Don’t worry about the competition
WrestleMania 37 is scheduled for this weekend at Raymond James Stadium, the site of the National Football League’s Super Bowl LV to be held in February.
It’s counting on 25,000 fans to show up, and McMahon said the event will mimic many of the NFL’s Covid-19 protocols – seat capsules, mask distribution, hand sanitizer. “Only the configuration is different because we can have people on the ground,” she added.
However, WWE has to go back to arenas, and maybe more than professional leagues. The company earns a significant portion of its revenue from live ticket sales and travels more frequently throughout the year.
“Once the arenas are open, we can start running this product,” said Salen. “But we need a critical mass of arenas open to do that. And we just don’t see that right now.”
WWE also needs to follow another company looking to eat up its market share. WarnerMedia’s ownership of Turner Sports has reinvested in All Elite Wrestling (AEW) wrestling. The network last hosted a major wrestling company in 2001 when it owned World Championship Wrestling (WCW), which WWE bought.

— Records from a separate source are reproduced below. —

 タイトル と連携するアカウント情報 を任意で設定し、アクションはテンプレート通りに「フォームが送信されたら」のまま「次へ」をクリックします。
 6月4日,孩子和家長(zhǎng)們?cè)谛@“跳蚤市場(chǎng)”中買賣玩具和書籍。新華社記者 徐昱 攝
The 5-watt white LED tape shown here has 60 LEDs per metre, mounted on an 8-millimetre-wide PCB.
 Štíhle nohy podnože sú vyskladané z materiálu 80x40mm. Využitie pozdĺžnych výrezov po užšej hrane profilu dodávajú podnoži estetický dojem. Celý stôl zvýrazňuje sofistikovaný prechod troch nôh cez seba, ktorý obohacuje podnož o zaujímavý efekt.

AEW is run by Tony Khan, son of National Football League team owner Shahid Khan, and has financial backing. And so far it is getting credit for its production.
“The theatrics are good,” said Cohen. “The quality is good. Where AEW is lacking, however, is in star power.”

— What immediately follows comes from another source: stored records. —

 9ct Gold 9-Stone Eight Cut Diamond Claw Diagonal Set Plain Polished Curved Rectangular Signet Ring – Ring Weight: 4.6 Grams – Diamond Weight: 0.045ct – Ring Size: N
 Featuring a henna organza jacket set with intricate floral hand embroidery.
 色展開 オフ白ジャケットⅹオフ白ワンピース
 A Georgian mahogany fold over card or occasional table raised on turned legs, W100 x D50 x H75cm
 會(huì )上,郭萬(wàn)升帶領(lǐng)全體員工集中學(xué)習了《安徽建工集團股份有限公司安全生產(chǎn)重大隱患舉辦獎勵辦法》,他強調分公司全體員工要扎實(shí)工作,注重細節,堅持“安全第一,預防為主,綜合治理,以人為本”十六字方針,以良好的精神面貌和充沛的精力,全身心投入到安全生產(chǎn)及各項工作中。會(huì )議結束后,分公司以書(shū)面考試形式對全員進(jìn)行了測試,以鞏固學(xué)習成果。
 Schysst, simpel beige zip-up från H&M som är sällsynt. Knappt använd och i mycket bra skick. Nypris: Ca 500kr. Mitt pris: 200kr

Internet chatter suggests the WWE will spend money to stop AEW from achieving that mission. When asked about this, Salen said the rumors are incorrect. She added that AEW is more competitive for its NXT ownership. This division is like the NBA’s G League for wrestlers.

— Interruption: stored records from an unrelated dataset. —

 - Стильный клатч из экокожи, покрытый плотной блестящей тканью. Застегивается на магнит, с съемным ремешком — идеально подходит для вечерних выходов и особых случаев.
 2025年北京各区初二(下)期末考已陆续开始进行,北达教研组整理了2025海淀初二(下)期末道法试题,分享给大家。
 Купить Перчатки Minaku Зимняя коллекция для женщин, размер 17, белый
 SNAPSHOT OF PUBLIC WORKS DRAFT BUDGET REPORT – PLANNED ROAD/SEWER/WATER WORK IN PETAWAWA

“We’ve always had competition, it’s part of the game,” said Salen. “Internally, we are paying a lot more attention to Game 7 of the World Series and whether Raw is going against it.”
World Wrestling Entertainment Inc., Chairman Vince McMahon (left) and wrestler Triple H appear in the ring during the WWE Monday Night Raw show at the Thomas & Mack Center on August 24, 2009
Ethan Miller | Getty Images Entertainment | Getty Images
What’s the future of WWE?
But while WWE could again hold off a major challenger, it can’t stop the future. And one of the key questions it faces: How long will Vince McMahon continue as CEO? And who will replace him?
His daughter suggested that it would be a collaboration of “institutional knowledge” that makes the decisions when her father decides to step aside.
“No one has all the experience, expertise and passion to build and grow this business from a smaller regional company to this incredible growth company that it is today,” said McMahon.
Asked to describe WWE’s long-term future, McMahon used the company’s slogan. “It sums up everything about WWE,” she said. “That is: then, now and forever.”
Disclosure: Peacock is the streaming service of NBCUniversal, CNBC’s parent company.